= WinnowTag =

winnowTag is a web-based recommender system and news aggregator in which a person tags example items as belonging to a topic, thus training statistical text classification software to find more items on that same topic. Released as a publicly available web application in September 2010 by Mindloom, winnowTag uses Winnow content recommendation, a Naive Bayes text classifier evolved from SpamBayes.

Users of winnowTag create and share tags, and use the shared tags of others to find on-topic content in real time. Users can add feeds, import OPML feed lists, and publish feeds of items found by tags. winnowTag collects and retains items from the last three months of thousands of blog, news, and website Atom and RSS feeds.

==Comparison==
With many news aggregators users find and add each feed they wish to read, and scan the titles of all items published in those feeds to find content they want. Thus it is possible to consider every item published in a set of feeds, but the volume of items to view grows as the set of feeds grows.

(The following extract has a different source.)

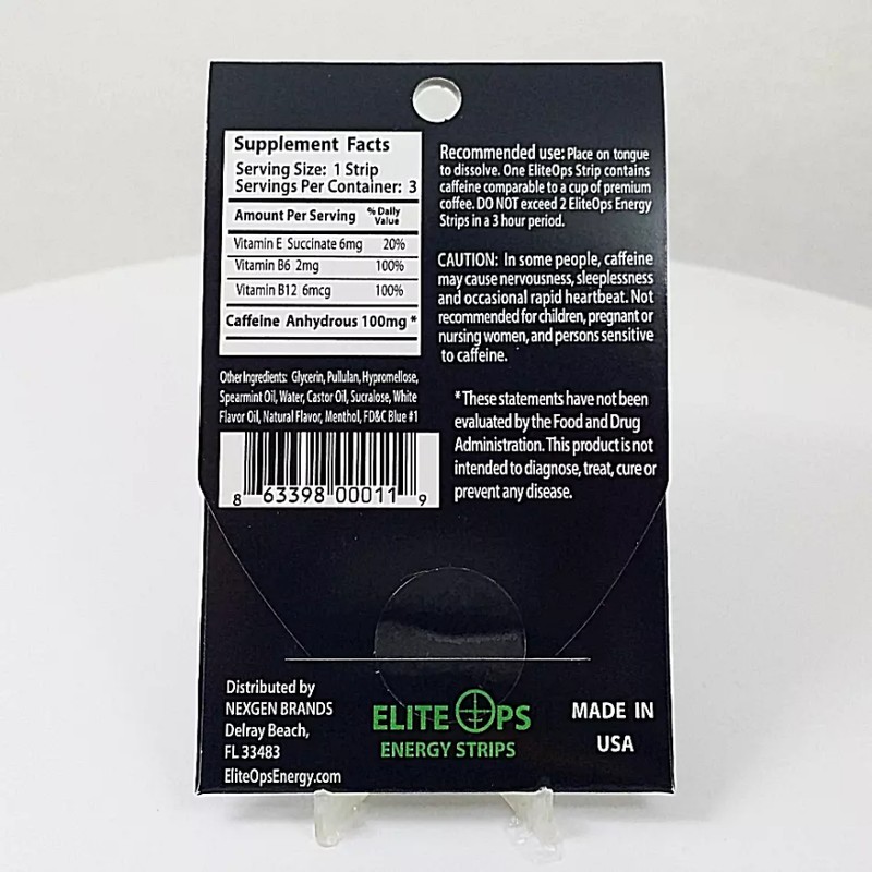 Elite Ops Energy Strips are an innovative alternative to coffee, energy drinks, and other energy products that deliver on the promise of convenience, portability and effectiveness. Elite Ops Energy Strips dissolve on your tongue and deliver a 100/mg dose of caffeine, along with vitamins B6, B12 & E. Elite Ops Energy Strips give you energy for hours without any crash. Elite Ops Energy Strips are sugar-free, fat-free, gluten-free and have zero calories.

In winnowTag, each tag filters all items in all feeds added by all users to automatically find information on its topic. Thus it is possible to discover on-topic items from a larger set of feeds than could be manually reviewed, but not all the on-topic items are found, and there is no facility for seeing every item published in a set of feeds.

==Background==
The winnowTag project, funded by The Kaphan Foundation, develops computer technology to help online communities self-organize and cope with large volumes of unstructured information. A principal idea is that users need individually tailored views (tags) reflecting their own specific interests. The tags in turn represent common interests that can be shared between users.

An early premise was derived from ecology. Instead of static, unchanging software, users get fragments of software that can be copied and aligned into different forms, and from these pieces they construct their own unique software that does what they want. Then they pass pieces of software around, and over time this population of fragments of software acts like an evolving ecology and adapts to demands of users.